On the other hand, not doing anything is also not the answer.”
The recent high-profile death of a B.C. teen has prompted a debate in Ottawa over the creation of a national anti-bullying strategy, the Globe and Mail reports. Read Globe and Mail
Amanda Todd, 15, killed herself several weeks after she posted a YouTube video describing the relentless bullying she had endured, the report says.
NDP MP Dany Morin has since asked the House of Commons to study different types of bullying, including the growing problem of cyberbullying, and share best practices with Canadians as part of a national strategy.
Vijaya says while Todd’s death was tragic, historically speaking, “political and legal decisions made while emotions are running high are not wise.”
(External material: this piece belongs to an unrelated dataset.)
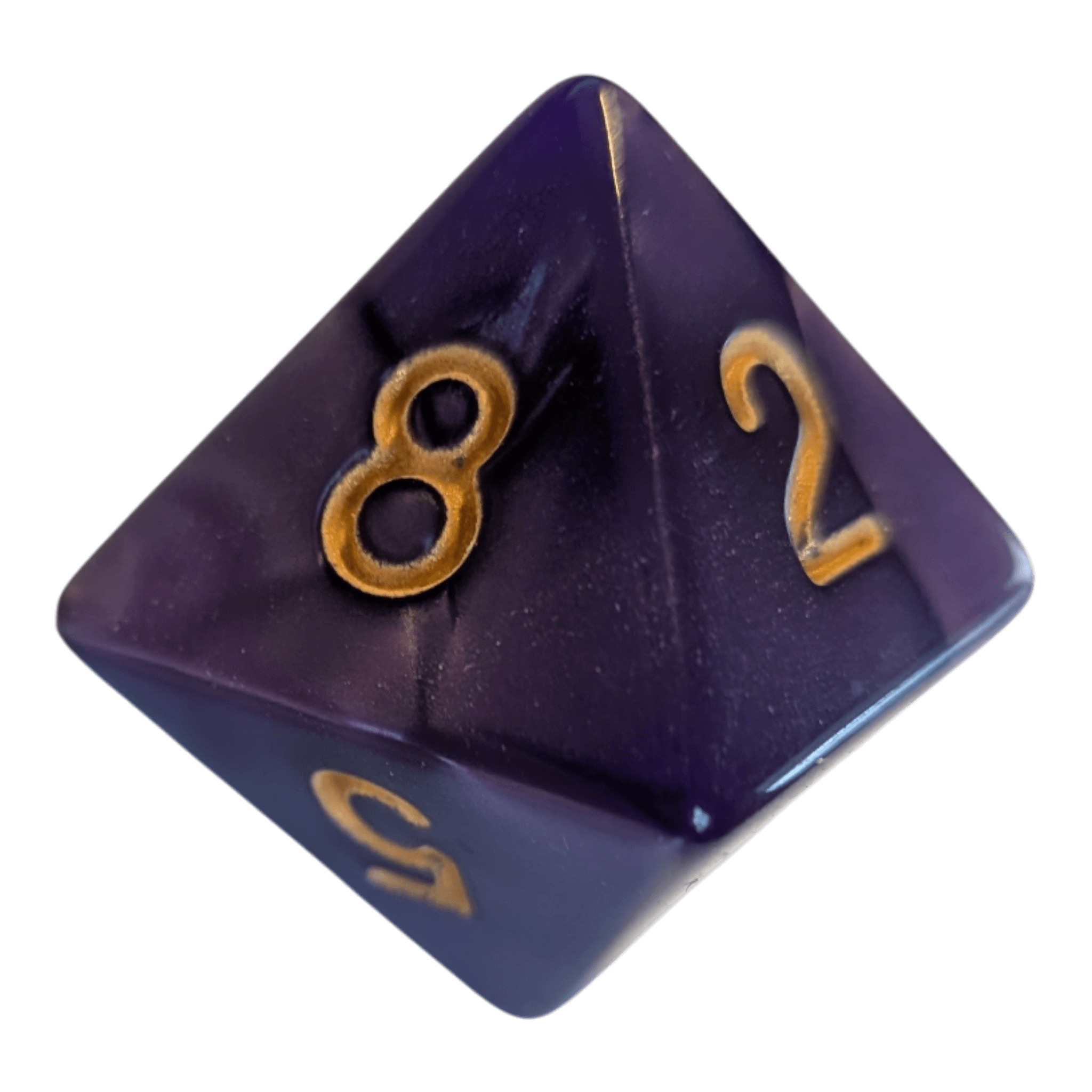 Die goldenen Zahlen bieten einen perfekten Kontrast zum kräftigen Lila und sorgen für klare Lesbarkeit bei jedem Wurf. Gefertigt aus Acrylmaterial, eignet sich der W8 hervorragend für Rollenspiele wie Dungeons & Dragons, Pathfinder oder jedes System, das einen achtseitigen Würfel benötigt.

He says it’s not responsible to let individual tragedies dictate public or social policies in a free and democratic society, but notes bullying is a serious problem that must be addressed.
The difficulty in criminalizing bullying has to do with defining the term, Vijaya says.
“We already have laws that address threatening behaviour and criminal harassment,” he says, adding that for schoolyard name-calling, it would be tough to determine at what level police should get involved. “Should these mean people be charged criminally and further clog up the criminal justice system where the prosecutors are busy prosecuting crimes like rape, murder, discharging firearms, and more?”
Vijaya says through long-term studies and a reasoned and balanced approach, improvements can be made.
“I don’t think we can criminalize unkind mean words or behaviours,” he says. “In my view, those who engage others in that manner should not be facing criminal sanctions. I think a bullying prevention strategy will be a more effective solution over time.”